A 0.375 g sample of a monoprotic acid is dissolved in water and titrated with 0.270 M KOH. What is the molar mass of the acid if 11.0 mL of the KOH solution is required to neutralize the sample?

Answer 1

To find the molar mass of the monoprotic acid, use the given volume and concentration of KOH to calculate the moles of KOH used.
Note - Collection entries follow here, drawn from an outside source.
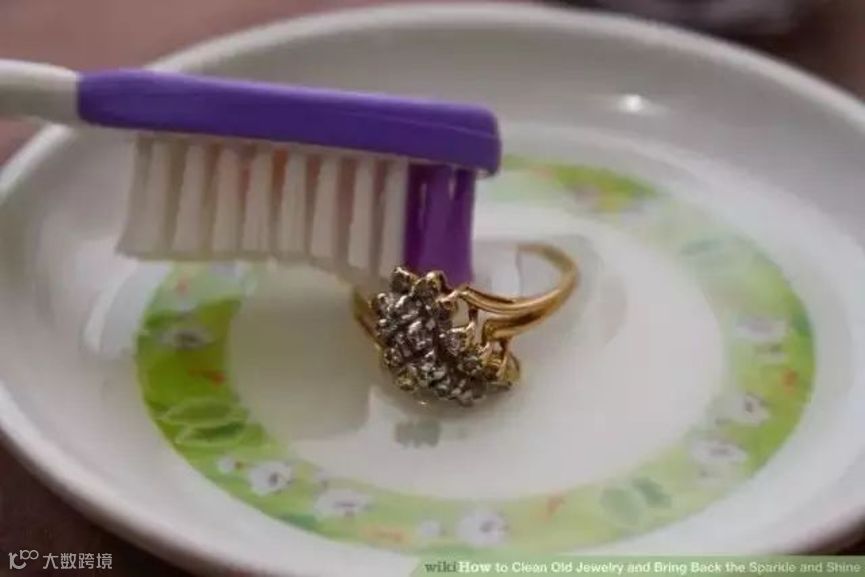 如果你的首饰上镶嵌有宝石,宝石还是用胶粘上去的话,就不能和水接触了,那就可以使用下面较为柔和的清洗方法。
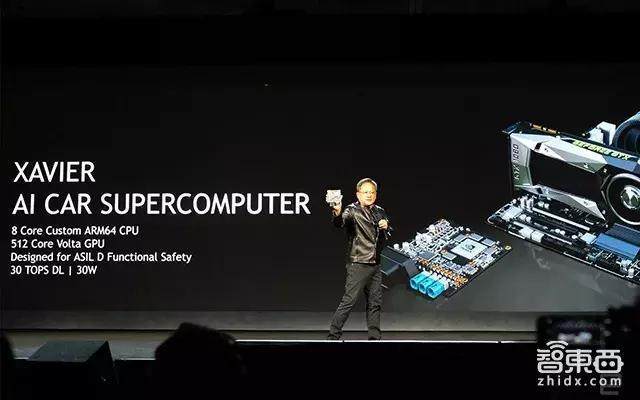 當(dāng)然,英偉達對Drive PX 2駭人的功耗看得很清楚。Drive PX 2之后,英偉達立馬推出了新一代基于Volt架構(gòu)GPU的SoC Xavier,單精度浮點運算性能達到20Tflops,是Drive PX 2 Autochauffeur的2.5倍,而功耗僅僅為30W。Xavier開了掛一般的強悍性能使它可以支持L4-L5的自動駕駛運算需求,同時低功耗和較小的體積又能夠適應(yīng)車輛需求。
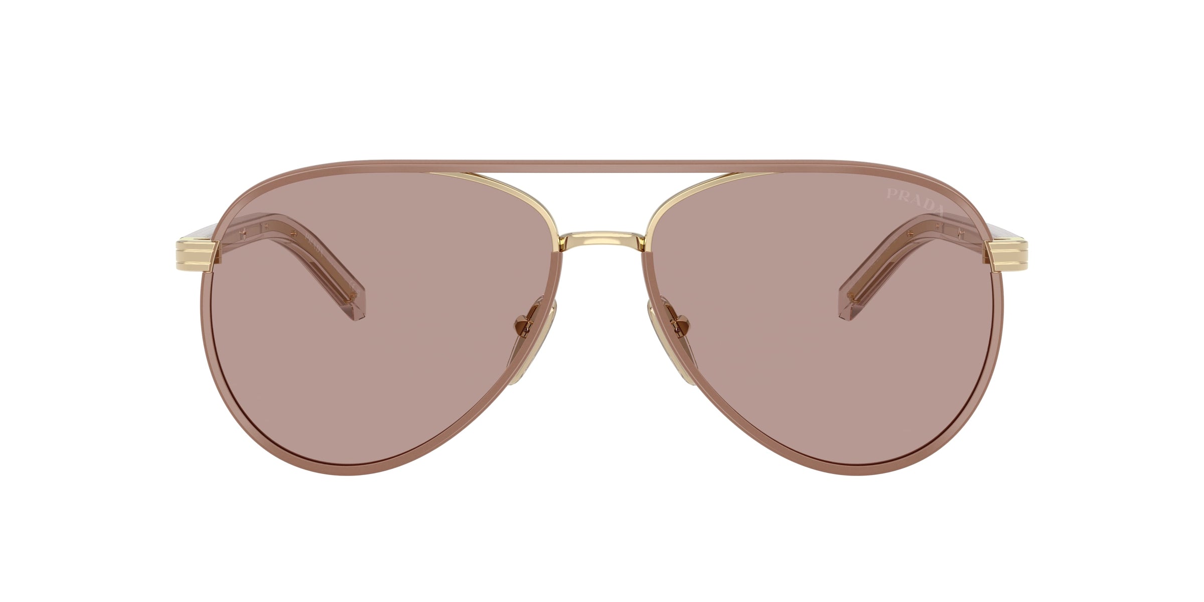 Die Sonnenbrille Prada B57S 24E20I überzeugt in klassischer Pilot-Form. Die glänzende Fassung in Hellgold besteht aus Stahl, kombiniert mit Bügeln in Mauve freddo (145 mm). Rahmentyp — Vollrand. Mit verstellbaren Nasenpads für optimalen Tragekomfort. Passform — schmal.
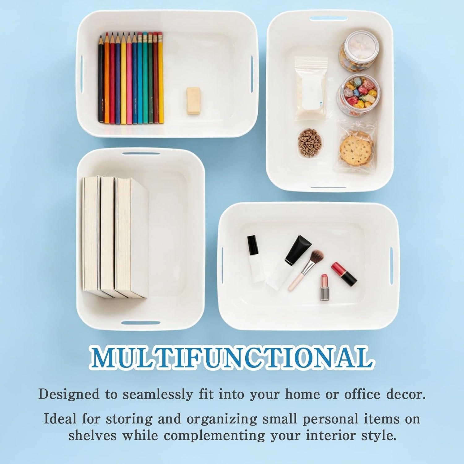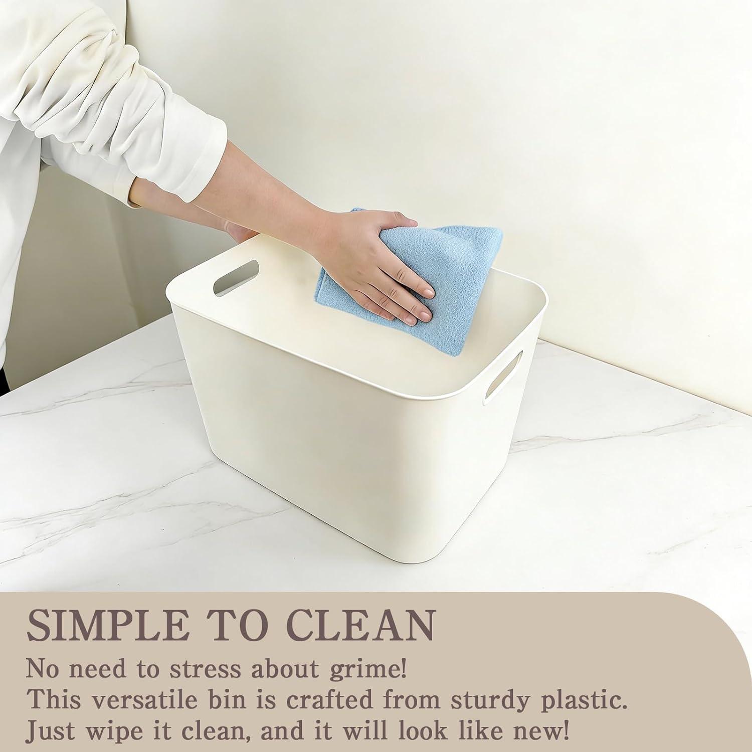 Wide Uses: With a proper capacity and handy design, you can use our white plastic storage bins to store many items, such as fruits, vegetables, packaged goods, yogurt, canned food, beverage boxes, and so on, to keep them well organized, with white plastic storage bins

Then, since the acid and KOH react in a 1:1 ratio, the molar mass of the acid can be calculated using its mass and the number of moles.

Step-by-step explanation:

To find the molar mass of the monoprotic acid, we first need to determine the number of moles of KOH used in the titration. The balanced chemical equation for the reaction is:

H3PO4 (aq) + 3 KOH (aq) -> K3PO4 (aq) + 3 H2O (l)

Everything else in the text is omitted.